A further difficulty concerns the status of the primitive element ( in 5) that serves as the input to Merge. Similarly to Mendivil-Giró (2025), the status of the item that represents 1 remains unclear. Although Watanabe treats it as a lexical item, as required by the operation Merge, the result of recursively applying Merge to it is equivalent to a set-theoretic definition of the natural numbers. It is therefore not clear whether this element should be understood as a genuine lexical item, a semantic primitive, or a formal placeholder required by the analysis. This concern is reinforced by the fact that developed numeral systems do not typically build numerical expressions through overt repetition of 1. As noted above, developed number systems do not typically rely on repetition of the lexical item for 1 to encode the successive addition of 1. The developed number systems that show some reuse of the sign for 1 are found in certain sign languages, and similar patterns also appear in notational systems such as tally marks for the representation of small quantities. However, in spoken systems restricted to small quantities, a lexical item for 2 is often also available, and reduplication of 2 is frequently used to represent 4. This suggests that symbolic representations based explicitly on repetition of 1 are more characteristic of visually grounded formats than of spoken numeral systems. This typological pattern does not rule out an internal primitive corresponding to 1, but it weakens the claim that natural number representations are linguistically built through overt or lexically grounded repetition of that element.
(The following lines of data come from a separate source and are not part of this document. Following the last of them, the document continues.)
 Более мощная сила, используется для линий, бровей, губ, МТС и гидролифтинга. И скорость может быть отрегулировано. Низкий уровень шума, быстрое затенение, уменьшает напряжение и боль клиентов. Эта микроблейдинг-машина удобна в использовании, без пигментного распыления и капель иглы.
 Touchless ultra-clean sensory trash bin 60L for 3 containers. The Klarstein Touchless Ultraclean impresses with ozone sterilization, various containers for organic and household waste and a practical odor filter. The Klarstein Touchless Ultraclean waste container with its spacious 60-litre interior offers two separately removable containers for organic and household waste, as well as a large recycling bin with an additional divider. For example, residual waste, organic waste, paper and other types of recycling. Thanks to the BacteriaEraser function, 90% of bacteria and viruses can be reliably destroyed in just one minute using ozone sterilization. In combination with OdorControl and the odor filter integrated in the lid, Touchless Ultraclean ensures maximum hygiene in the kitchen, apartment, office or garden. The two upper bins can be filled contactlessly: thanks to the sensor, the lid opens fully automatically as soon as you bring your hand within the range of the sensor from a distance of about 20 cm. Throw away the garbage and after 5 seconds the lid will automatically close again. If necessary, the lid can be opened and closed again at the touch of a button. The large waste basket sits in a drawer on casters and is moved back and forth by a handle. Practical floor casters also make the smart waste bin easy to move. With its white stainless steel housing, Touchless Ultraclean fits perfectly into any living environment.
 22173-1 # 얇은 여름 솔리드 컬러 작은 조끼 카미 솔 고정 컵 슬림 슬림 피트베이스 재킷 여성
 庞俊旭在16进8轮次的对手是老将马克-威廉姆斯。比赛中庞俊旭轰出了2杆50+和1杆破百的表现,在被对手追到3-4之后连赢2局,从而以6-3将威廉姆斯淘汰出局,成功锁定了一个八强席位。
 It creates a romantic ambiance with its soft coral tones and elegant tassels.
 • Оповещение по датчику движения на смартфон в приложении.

Thus, while proposals that link numerical cognition to the mechanisms of linguistic recursion are theoretically intriguing, accounts that equate Merge, whether external or internal, with the successor function risk collapsing distinct notions of recursion and obscuring the representational basis of numerical meaning. Any account that derives arithmetic from Merge must therefore explain how a syntactic operation acquires numerical semantics, rather than assuming that structural repetition automatically yields quantitative succession.
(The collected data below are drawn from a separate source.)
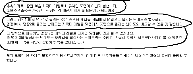 근데 장인 10에서 명장 1로올라가는건 50랩에서 51랩찍는 경험치 요구량이랑 거의비슷할꺼야
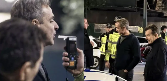 Ο Κυριάκος Μητσοτάκης επισκέφθηκε το βράδυ του Σαββάτου (13 Δεκεμβρίου 2025) ένα από τα πολλά σημεία στην Αθήνα όπου η Ελληνική Αστυνομία πραγματοποιεί ελέγχους αλκοτέστ σε οδηγούς.
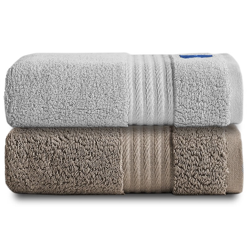 三利新疆长绒棉毛巾 纯棉A类洗脸毛巾2条装 柔软吸水洁面巾 35*72cm 咖/灰
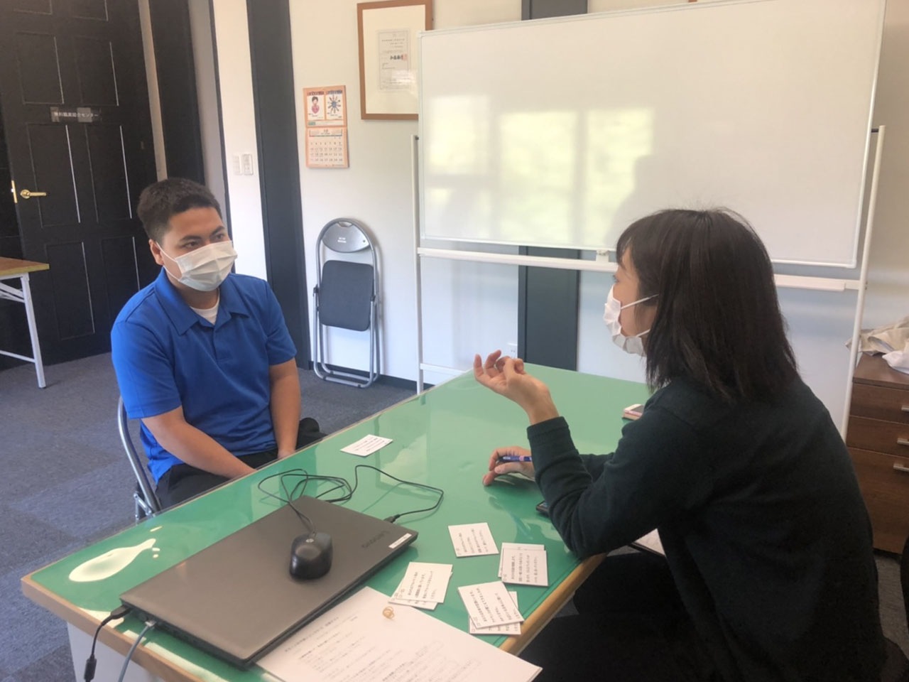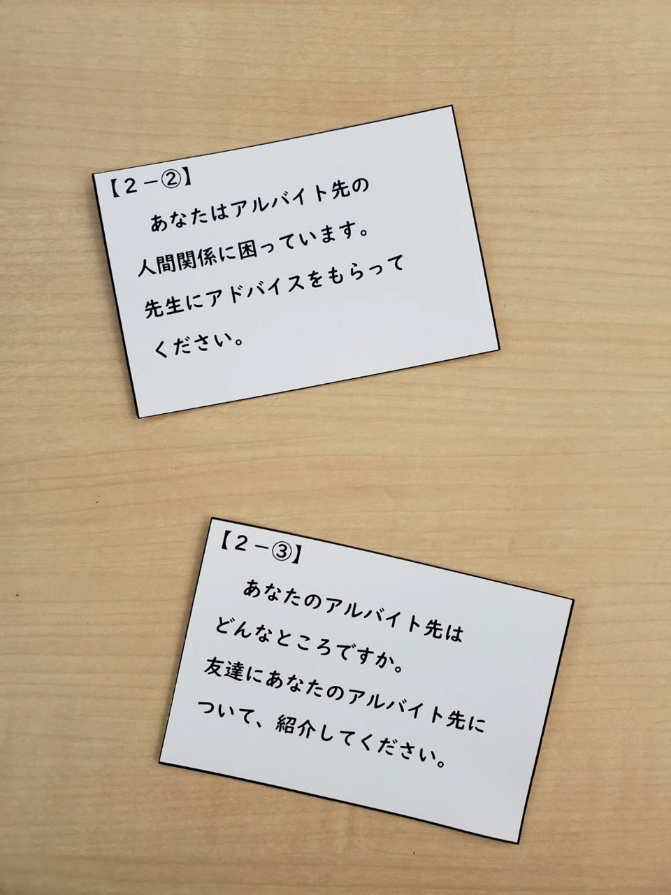 今回はロールプレイを中心に行い、『友達にアルバイト先について紹介する』、『アルバイト先の人間関係に困っているのでアドバイスをもらう』など様々なテーマでやり取りをしました。
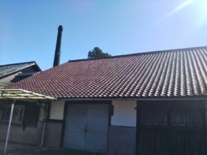 煙突を挟んで建つ旧蔵二棟は、慶応年間の建造と伝えられ、推定築160年前後の建物です。
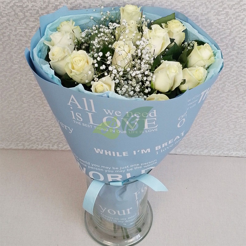 - Роза - 15 штук, цвет - белый;
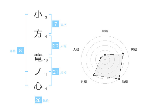 小方 竜ノ心さんを姓名の画数から五運を鑑定
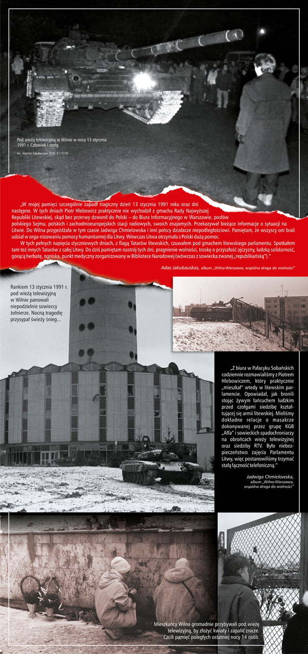 Z biura w pałacyku Sobańskich codziennie rozmawialiśmy z Piotrem Hlebowiczem, który praktycznie „mieszkał” wtedy w litewskim parlamencie. Opowiadał, jak bronili, stojąc żywym łańcuchem ludzkim przed czołgami, siedzibę kształtującej się armii litewskiej. Mieliśmy dokładne relacje o masakrze dokonywanej przez grupę KGB „Alfa” i sowieckich spadochroniarzy na obrońcach Wieży Telewizyjnej oraz siedziby RTV. Było niebezpieczeństwo zajęcia parlamentu Litwy, więc postanowiliśmy trzymać stałą łączność telefoniczną.
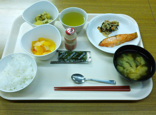 朝食をしっかり食べて、登山に備えます。
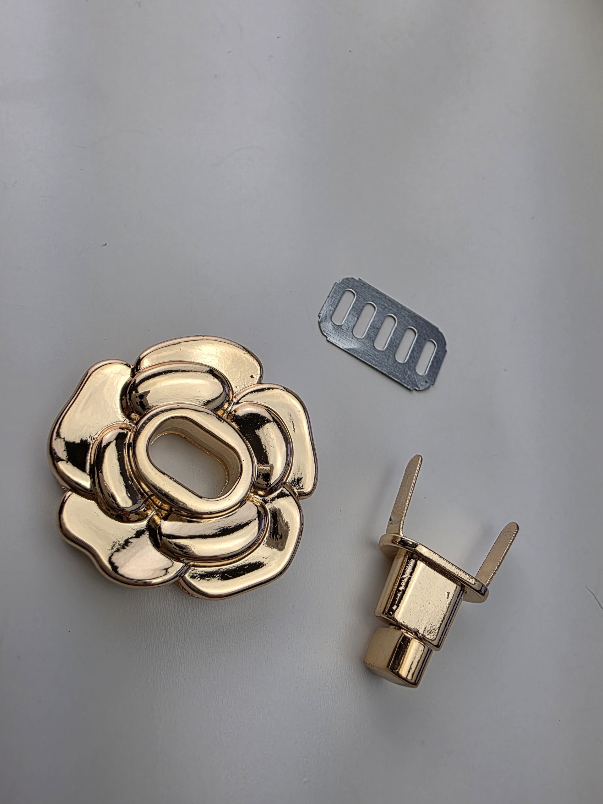 Elegant og solid veskelås i gullfarget metall, perfekt for både nye vesker og reparasjoner.
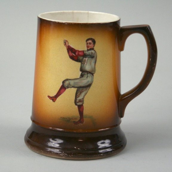 Description:Vintage Harvard baseball porcelain mug, c.1910s. (EX) 5.25" tall, features a colorful image of a Harvard baseball pitcher on one side with Harvard shield on other side. "Avon" "W P. Co" marking is on underside of mug. Exhibits light to moderate age wear, with two small hairline cracks, and areas of crazing present: EX
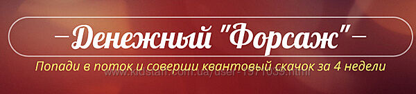 Денежный «Форсаж». (Катрин Форс) Для кого этот курс Для зеленых новичков - все ясно и понятно, обретете очень положительный первый опытДля тех, кто давно в практиках - авторские техники и подходДля профессиональных коучей - вы найдете новые инструментыДля мужчин и женщинДля скептиков и верующихДля тех, кто устал бегать по кругуКто готов сделать РывокКто устал завидовать окружающим и сравнивать себя со знакомыми из инстаграммаКто хочет перестать выполнять ненавистную работу Кто хочет заниматься только тем, что ему нравитсяКто устал мечтать бесплодноКто хочет эффективнее прожить эту жизньКто хочет быстрого изменения жизненной ситуацииКто хочет расквитаться с долгами и начать жить.Кто хочет выйти на новый уровень общенияЧто даст курс форсаж Научитесь быстро и эффективно исполнять любые свои мечты и желания;Получите в руки самые эффективные, традиционные и новейшие техники реализации желаемого и решения любой проблемы;Ваш денежный канал расширится - долги, кредиты, финансовые, материальные проблемы решатся;Начнете получать неожиданные подарки, бонусы, находить на улице деньги и получать выгодные предложения по работе;Значительно улучшится физическое здоровье и самочувствие;Ваш внешний вид улучшится - похорошеете и похудеете, если это Вам надо;Найдете свое предназначение и смысл жизни;Определитесь со своими целями и желаниями;Обретете долгожданную любовь;Научитесь в прямом смысле растягивать и сжимать время;Получите гигантское количество выгрузок не эффетивных и загрузку эффективных программ и убеждений;Наладите взаимоотношения с детьми, родственниками, друзьями, близкими и окружающими Вас людьми;Станете удачливым и счастливым человеком...Какие цели закрылись у студентов уже на текущем курсе? ДОХОД УВЕЛИЧИЛСЯ В 4 РАЗАКупила машину мечтыМуж нашел работуМуж начал зарабатывать в 2 раза большеНашли свое предназначениеЗапустили новый бизнесПерестала заниматься уборкой/готовкойПохудела на 8 килограммВыиграли в лотереюНачали получать дорогие подаркиИзменилось окружениеСтали счастливее

3 A Structure-Based Alternative to Successor-Driven Generativity
An alternative account of numerical generativity does not require deriving the successor function from syntactic operations. On a structure-based view, generativity emerges from the acquisition of hierarchically organized symbolic representations whose interpretation is governed by compositional arithmetic rules, rather than from an internal operation that computes n + 1. Numeral systems encode additive and multiplicative relations directly in their structure (e.g., three hundred two = 3 × 100 + 2), and once these compositional rules are mastered, the system is generative by closure: finite lexical resources combined through recursive structure yield an unbounded set of exact numerical expressions. On this view, categorical recursion in numerals is a property of representation, not of a value-generating function, and numerical infinity is an emergent consequence of symbolic composition rather than the output of a successor mechanism. Crucially, this account explains why numerical reasoning can extend beyond rote counting, why numerical difficulty tracks syntactic complexity rather than magnitude, and why cross-linguistic variation in numeral structure shapes developmental trajectories, without assuming that syntax itself implements numerical succession.